Possibili differenze di sesso nei tassi di incidenza del virus dell’epatite A (HAV), in diverse fasce di età, non sono ben documentate. Manfred S Green e i suoi colleghi hanno condotto un’indagine con l’obiettivo di stimare tali differenze in modo valido sulla base di informazioni provenienti da diversi Paesi ad alto reddito.

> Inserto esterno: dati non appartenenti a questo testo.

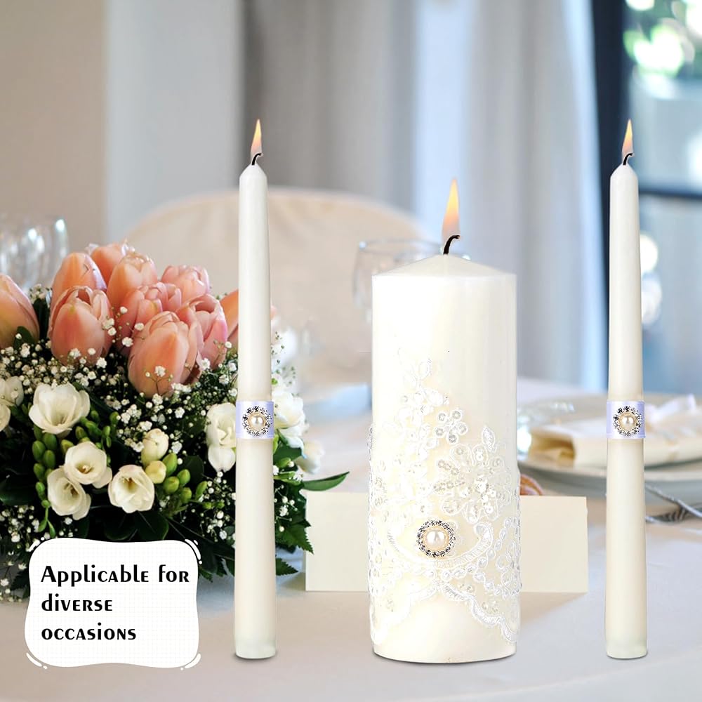PRACTICALITY AND DURABILITY - Crafted from high-quality wax that ensures long-lasting burning without dripping or wick soaking, these wedding candles for ceremony are not only beautiful but also practical, making them reliable companions for your special day and beyond.
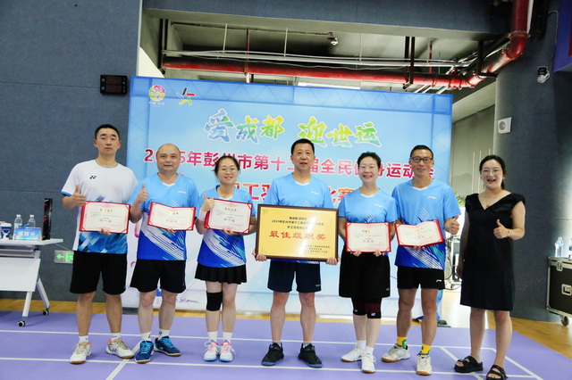 2025年7月27日至28日,由彭州市举办的“爱成都·迎世运”第十二届全民健身运动会职工羽毛球赛在泓森羽毛球俱乐部激情开赛。人民渠第一管理处应邀组队参赛,并在激烈角逐中脱颖而出,斩获混合双打第一名、第五名及男子双打第四名的优异成绩。 更为可喜的是,队伍展现的优良风貌与竞技水平,赢得赛事组委会的高度认可,被授予“最佳组织奖”荣誉称号!

Abbiamo ottenuto i dati relativi all’incidenza del virus HAV, suddivisi per genere e fasce di età in un periodo compreso tra 6 e 25 anni, da nove Paesi: Australia, Canada, Repubblica Ceca, Finlandia, Germania, Israele, Paesi Bassi, Nuova Zelanda e Spagna.
I rapporti di incidenza tra maschi e femmine (IRR) sono stati calcolati per ogni anno, per Nazione e per fascia di età.
La prevalenza maschile nei tassi di incidenza è stata costantemente osservata in tutti i gruppi di età, anche se nei gruppi più giovani e più vecchi, nei quali i numeri tendevano a essere più bassi, i limiti inferiori degli intervalli di confidenza al 95% per gli IRR erano inferiori a uno. Nelle fasce d’età <1, 1-4, 5-9, 10-14, 15-44, 45-64 e 65+, gli IRR in pool (con IC al 95%) per i Paesi e i periodi di tempo erano 1.18 (0.94,1.48), 1.22 (1.16,1.29), 1.07 (1.03,1.11), 1.09 (1.04,1.14), 1.46 (1.30,1.64), 1.32 (1.15,1.51) e 1.10 (0.99,1.23) rispettivamente.
L’elevato tasso di incidenza di HAV nei giovani maschi, calcolato in un certo numero di Paesi, suggerisce che possa dipendere, almeno in parte, da differenze di genere fisiologiche e biologiche e non solo da fattori comportamentali. Questi risultati, considerati nel contesto più generale dei maggiori tassi di incidenza osservati nei giovani maschi in molte altre malattie infettive, possono fornire ulteriori chiavi di lettura dei meccanismi dell’infezione.